§ **Supplied records**
_ _ _ _

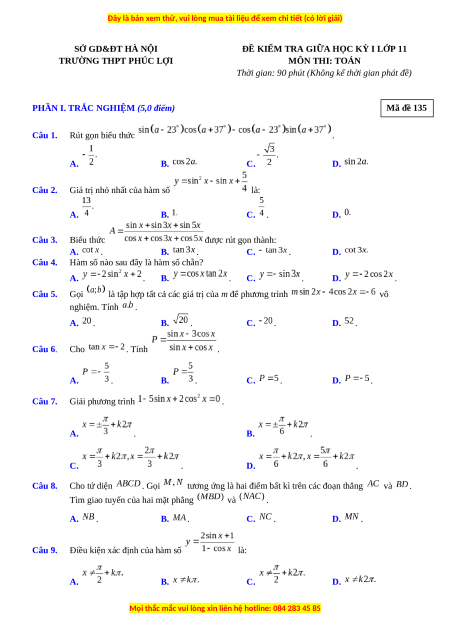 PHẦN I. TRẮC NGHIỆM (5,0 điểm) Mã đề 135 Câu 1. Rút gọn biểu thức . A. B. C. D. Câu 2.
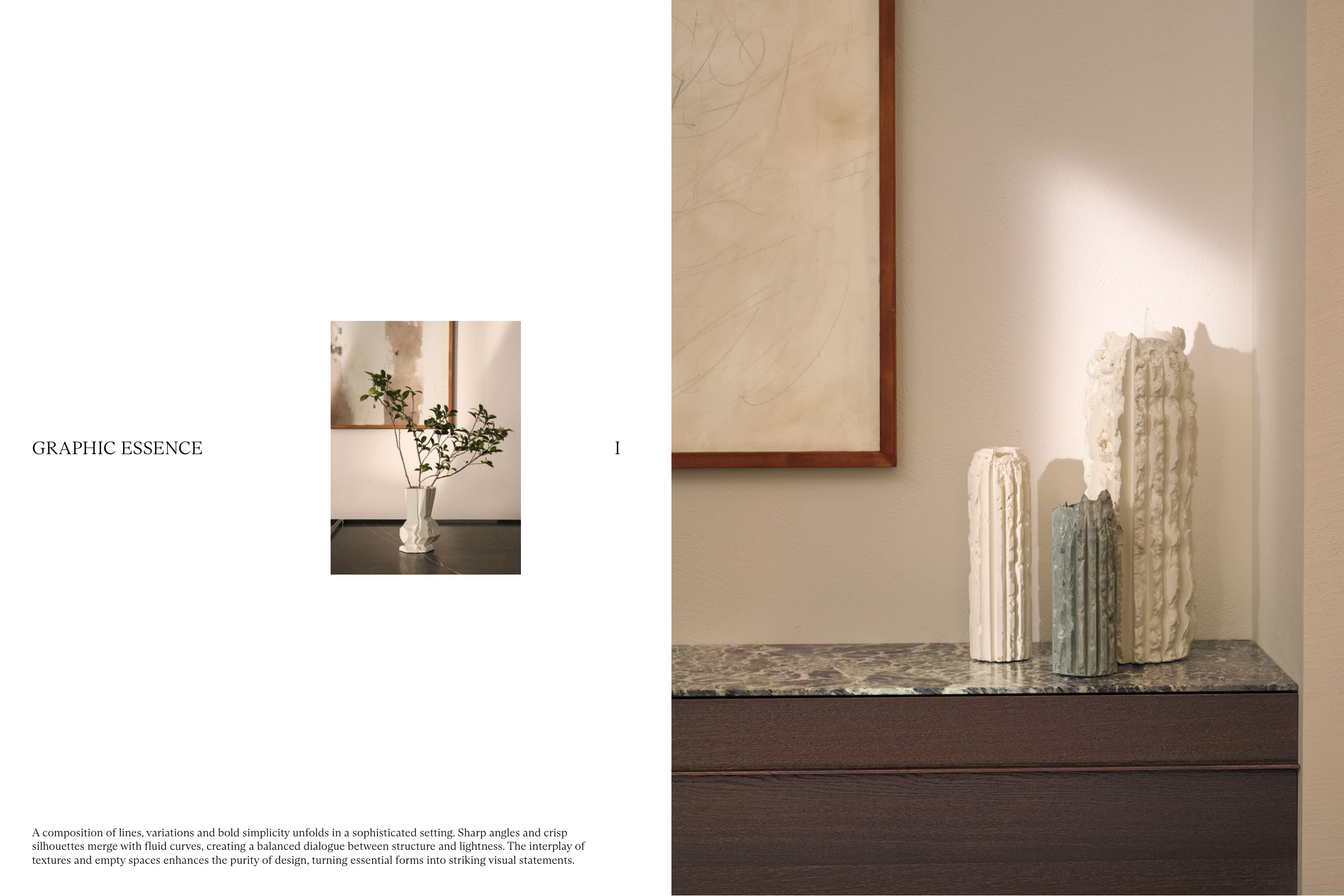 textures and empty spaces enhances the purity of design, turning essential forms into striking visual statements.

_ _ _ _

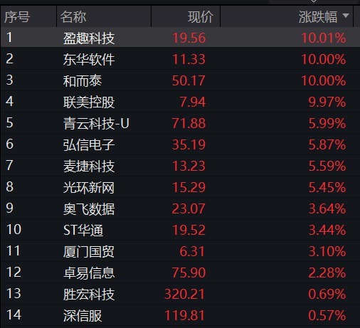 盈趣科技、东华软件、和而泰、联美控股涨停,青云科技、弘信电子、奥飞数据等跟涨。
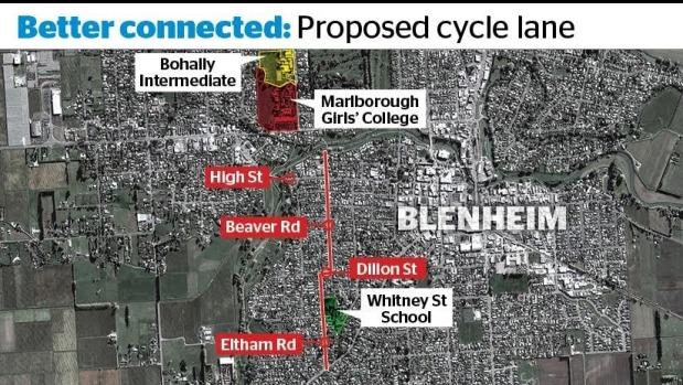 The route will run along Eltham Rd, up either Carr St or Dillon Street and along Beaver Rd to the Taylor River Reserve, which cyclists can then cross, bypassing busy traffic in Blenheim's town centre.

_ _ _ _

§ **Work to complete**
Look above for the line holding "盈趣科技、东华软件、和而泰、联美控股涨停,青云科技、弘信电子、奥飞数据等跟涨。" and output everything from it down to the line holding "The route will", both ends included, exactly and without images.

§ **Solution for this exercise**
 盈趣科技、东华软件、和而泰、联美控股涨停,青云科技、弘信电子、奥飞数据等跟涨。
 The route will run along Eltham Rd, up either Carr St or Dillon Street and along Beaver Rd to the Taylor River Reserve, which cyclists can then cross, bypassing busy traffic in Blenheim's town centre.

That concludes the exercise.